Dicky grinned his delight; and then, suddenly recollecting that it was not exactly the thing for an officer to listen to what might be construed as abuse of the Admiralty, he turned on his heel and motioned to Alec to lead the way.
"And you mean to tell me that we're high up in the air, floating in space!" he cried.
"One moment. Here we are—three thousand two hundred feet up," said Alec, stopping just outside the door of the men's quarters to inspect a barometer affixed to the wall. "That high enough?"
Dicky was at once conscious of a creepy feeling down his back. "What!" he gasped. "Three thousand feet?"

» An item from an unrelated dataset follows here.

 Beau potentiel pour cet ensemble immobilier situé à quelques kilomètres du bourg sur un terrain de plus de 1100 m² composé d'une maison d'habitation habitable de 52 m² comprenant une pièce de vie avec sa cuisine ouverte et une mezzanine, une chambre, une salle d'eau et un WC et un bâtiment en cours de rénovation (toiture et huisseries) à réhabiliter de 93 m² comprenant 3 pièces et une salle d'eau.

"Every inch of it. As safe as if you were on land; safer, perhaps, because you never know what's going to pass overhead nowadays, do you? What with airships and aeroplanes, the land's beginning to be a dangerous place to inhabit. Come along. You wait till it's daylight and you can see below. You'll get used to the height in a jiffy, and you'll agree that flying's magnificent. Here we are. Sergeant Evans!"

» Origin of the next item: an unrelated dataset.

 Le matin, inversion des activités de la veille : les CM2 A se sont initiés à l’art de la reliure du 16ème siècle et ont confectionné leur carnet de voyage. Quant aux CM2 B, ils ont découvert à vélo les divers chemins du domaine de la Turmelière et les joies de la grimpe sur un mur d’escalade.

He dived in through a doorway, ushering his friend into a large saloon, in the centre of which stood a table laid ready for dinner. And here again we record but the bare fact when we say that Mr. Midshipman Hamshaw positively gasped. He was dumbfounded at the luxury he found here, at the brilliant lights, at the huge table groaning with silver and glassware, at the laden sideboard, and at the richness of the decorations. Whoever heard of such things aboard a ship sailing in the air?
"Wonderful!" he cried. "Why, I imagined there would be nothing but machinery—huge, oily engines thumping and thudding away at one's side, with just an odd corner for the captain and crew to rest in. This is magnificent; there's nothing better in all London."

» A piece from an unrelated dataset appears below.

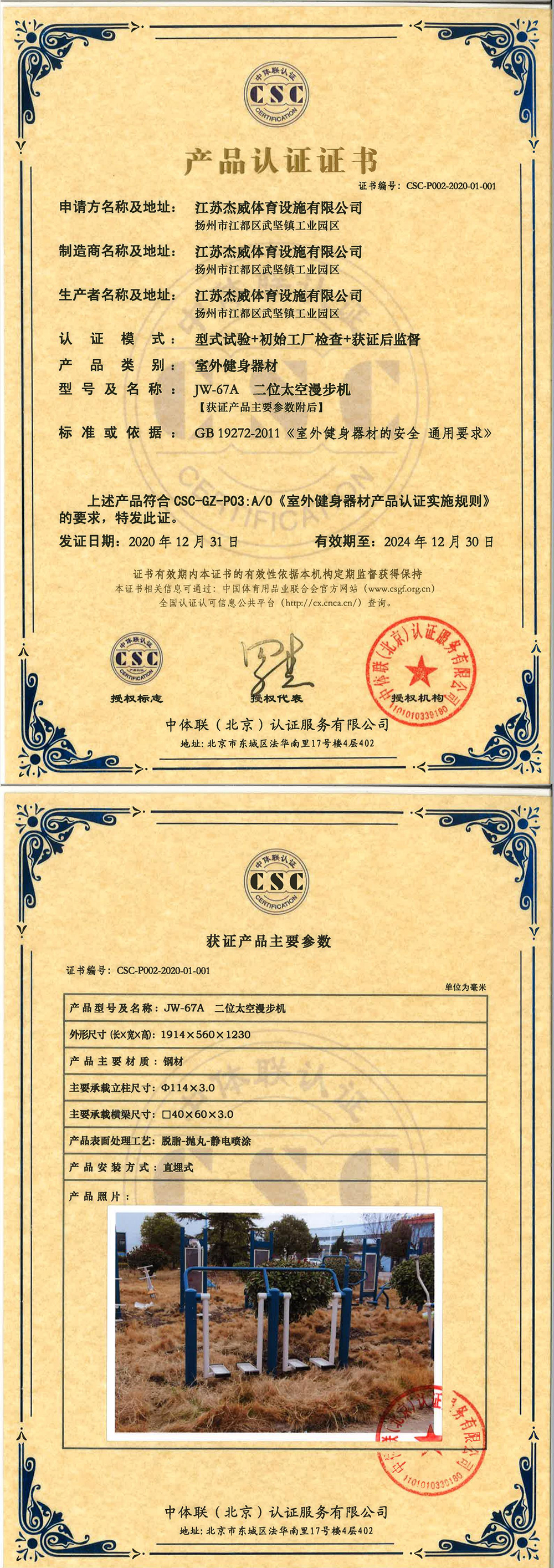 | 室外健身器材 | CSC-P002-2020-01-001 | JW-67A | 二位太空漫步机 | 2020-12-31 | 有效 | 点击 |

It was at least flattering to Andrew Provost's taste, since he had been the designer of all this magnificence. But who could expect Dicky Hamshaw to take notice of rich carpets, of glittering silver, of famous pictures clinging to silk-brocaded walls, when there was food before him? He was ravenous. Had Alec had any doubts about the matter before, this smart and jolly young sailor soon set them at rest. He tackled that meal with the same dash and energy with which he had undertaken the task that had sent him post haste away in the steam pinnace. It was, perhaps, half an hour later when, having eaten to his own and Alec's content, he leaned back in his chair, accepted with a wonderful assumption of coolness the cigarette which Sergeant Evans offered him, and setting a flaming match to the weed, tossed his head back and sent a cloud of smoke upward. A moment later he had leaped to his feet with an exclamation of amazement. He might have suddenly come upon a pin-point by the cry he gave. But undoubtedly something of real importance had created this excitement. He stood with his head tossed back, his eyes fixed upward, and his lips parted.
"What's that?" he asked. "It startled me. I—I've never seen anything like it. One appears to be looking through an enormous window into space. What's the meaning of it?"
His excitement caused Alec to smile, though he, too, looked his admiration as he gazed upward.